Segment Start: SUPPLIED DATA
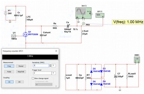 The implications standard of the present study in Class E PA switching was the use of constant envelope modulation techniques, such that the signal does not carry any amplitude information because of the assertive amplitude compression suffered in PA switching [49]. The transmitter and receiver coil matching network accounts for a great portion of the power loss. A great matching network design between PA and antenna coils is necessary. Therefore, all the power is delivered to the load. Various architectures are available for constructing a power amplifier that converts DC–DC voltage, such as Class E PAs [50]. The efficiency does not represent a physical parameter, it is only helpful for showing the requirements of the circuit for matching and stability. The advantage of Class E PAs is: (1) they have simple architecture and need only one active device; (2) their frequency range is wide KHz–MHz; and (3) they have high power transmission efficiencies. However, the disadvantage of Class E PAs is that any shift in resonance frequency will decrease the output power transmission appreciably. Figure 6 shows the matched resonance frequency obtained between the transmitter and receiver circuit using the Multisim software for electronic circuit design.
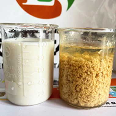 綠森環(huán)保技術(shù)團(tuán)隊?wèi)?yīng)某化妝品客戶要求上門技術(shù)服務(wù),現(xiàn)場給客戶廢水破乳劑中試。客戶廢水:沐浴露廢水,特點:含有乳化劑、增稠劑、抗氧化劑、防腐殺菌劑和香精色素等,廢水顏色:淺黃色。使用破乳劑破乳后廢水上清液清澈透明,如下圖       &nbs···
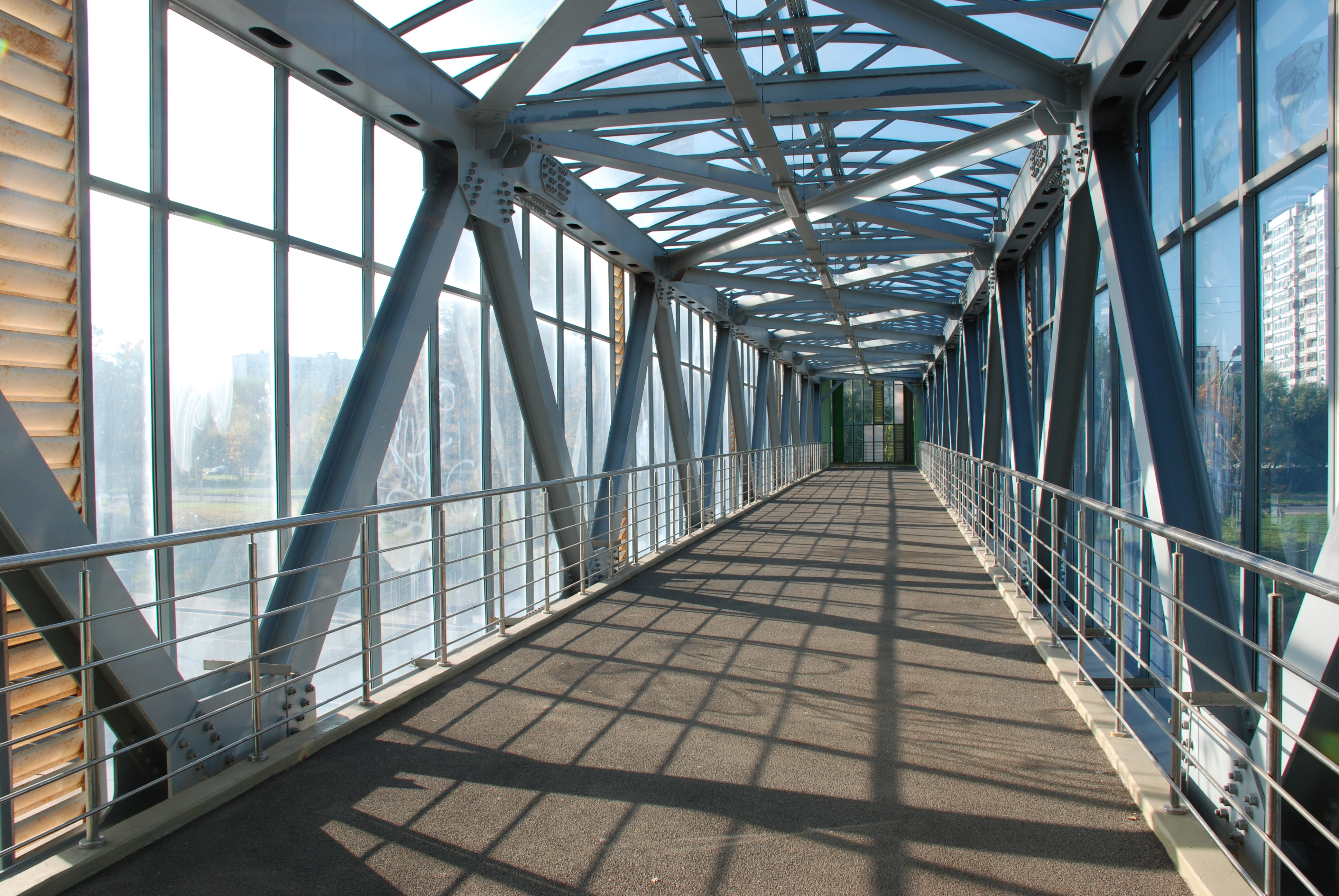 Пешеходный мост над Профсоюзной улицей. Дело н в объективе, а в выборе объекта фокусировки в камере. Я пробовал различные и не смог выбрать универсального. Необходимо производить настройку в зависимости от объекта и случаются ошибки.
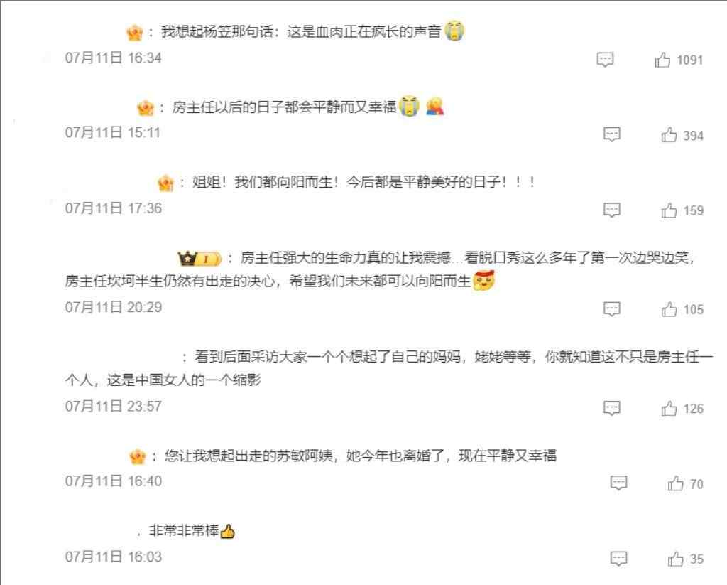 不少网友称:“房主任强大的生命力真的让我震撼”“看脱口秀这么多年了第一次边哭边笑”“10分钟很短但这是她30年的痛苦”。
Segment End: SUPPLIED DATA
• _WHAT IS BEING ASKED_
In the copy you return, include exactly the lines from the one containing "Пешеходный мост над" through the final line of the listing, and no pictures.

• _ANSWER FOR THE TASK_
 Пешеходный мост над Профсоюзной улицей. Дело н в объективе, а в выборе объекта фокусировки в камере. Я пробовал различные и не смог выбрать универсального. Необходимо производить настройку в зависимости от объекта и случаются ошибки.
 不少网友称:“房主任强大的生命力真的让我震撼”“看脱口秀这么多年了第一次边哭边笑”“10分钟很短但这是她30年的痛苦”。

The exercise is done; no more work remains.